Ma tornando ai suoi anni da sindaco, sicuramente i più ruggenti, e alla mancata ricandidatura, proprio dal non aver mandato al macero le bozze del libro, compare la filosofia di un amministratore che ha sempre declinato il quotidiano solo nel paradigma del futuro da consegnare alle giovani generazioni. E così fa sorridere che proprio venerdì sia stato presentato il bando per costruire quella Biblioteca europea da lui immaginata nel 1999 e che, dopo essere stata abbandonata, potrebbe vedere la luce con 27 anni di ritardo. Se ne facciano una ragione i detrattori suoi e del centrodestra, in quei nove anni tutto successe: i grattacieli di Porta Nuova e il Bosco verticale nell'area Garibaldi-Repubblica, le torri di City life, quattro depuratori, il maggior numero di chilometri di metropolitana, i parcheggi interrati, la rinascita della Scala e la nascita dell'Arcimboldi: 6 miliardi di euro investiti più 30 del privato (nazionale e internazionale). Il tutto senza un solo avviso di garanzia per sé o per un assessore delle sue giunte. Difficile con questi numeri e questa fedina penale negargli il titolo di miglior sindaco d'Italia nell'era repubblicana. Di qui il rimpianto, da lui confessato nel libro, per non poter gestire i 18 miliardi assegnati a Milano dal Pnrr e da spendere in appena 5 anni. Perché non c'è dubbio che i 60 immobiliaristi provenienti da tutto il mondo messi al tavolo da Albertini, investirono su Milano proprio perché di lui si fidavano.
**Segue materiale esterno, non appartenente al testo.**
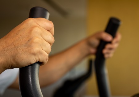 Training on a sports bike in the gym, hand close-up holding the handle of the bike, man

E da lì tutto è nato.

Per il resto, dal libri si ricostruiranno la sua rabbia per la parola «discontinuità» utilizzata da Letizia Moratti al momento di ricevere il testimone di una Milano già lanciata verso l'Expo e i palcoscenici mondiali, i 5Stelle e il disastro «dell'incompetenza al potere», le cinque volte che sarebbe dovuto diventare ministro («due volte ho detto no io, le altre tre qualcuno si è messo di mezzo»), l'Andreotti che a lui ventiseienne in ascensore spiega che per rimanere uomini di potere bisogna «sopire l'invidia» degli altri o di Cossiga che entrando con lui a braccetto a Palazzo Marino davanti ai vigili fatti trovare in alta uniforme, gli aveva suggerito di creare i «corazzieri del sindaco» schizzando anche una perfetta divisa.
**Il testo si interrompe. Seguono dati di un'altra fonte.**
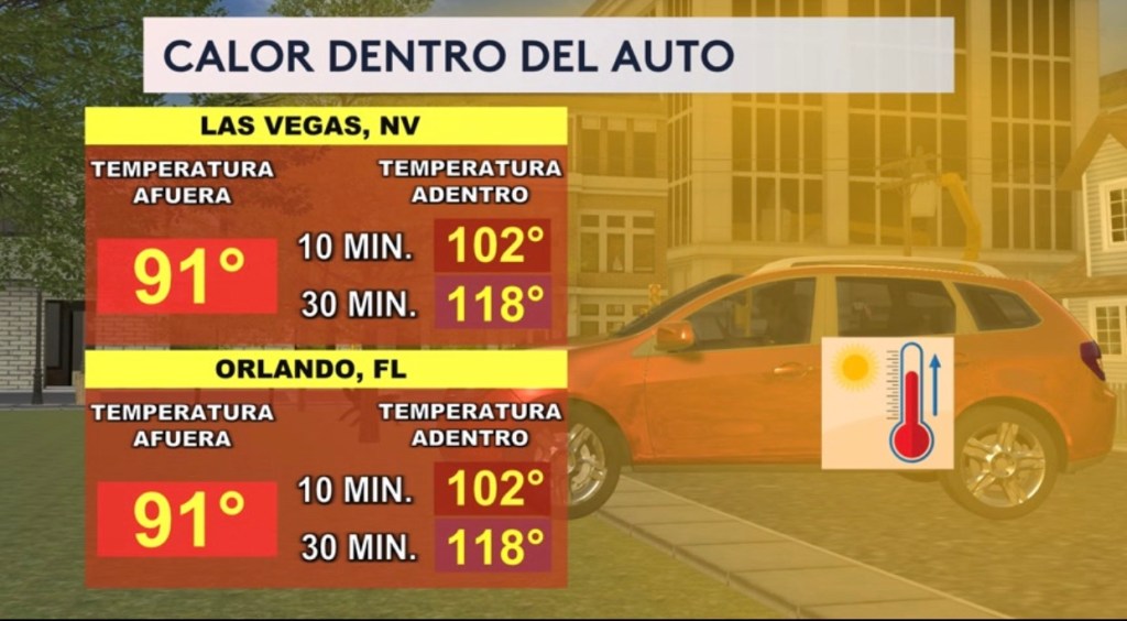 •Es muy importante saber que un auto se puede convertir en un horno en cuestión de minutos. Se espera una temperatura máxima de 91° en Las Vegas y Orlando hoy. ¡La temperatura del interior del auto puede llegar a los 118° en solamente 30 minutos!

Vale da sola i 24 euro la galleria di foto che vanno dalla «bellissima» Didi, la fidanzata giovanile figlia del farmacista di Portovaltravaglia con un Albertini ancora crinito, Gianni Agnelli, un giovane Putin e la regina Elisabetta a Palazzo Marino. Ma anche una Megan Gale per cui ha sempre avuto una platonica inclinazione e quel tuffo in costume e fisico apollineo per inaugurare la piscina Scarioni. Le mutande di Valentino sono nel retro di copertina e all'interno abbondantemente chiosate, così come l'Albertini «albero di Natale» in frac e onorificenze di cui si confessa «collezionista seriale».

Giovedì 31 alle ore 18 «Rivoglio la mia Milano», Talk resiliente alla Fabbrica del Vapore, via Procaccini 4 con Albertini e Rotondo, Vento, Alberoni, Mannheimer, Tortorella.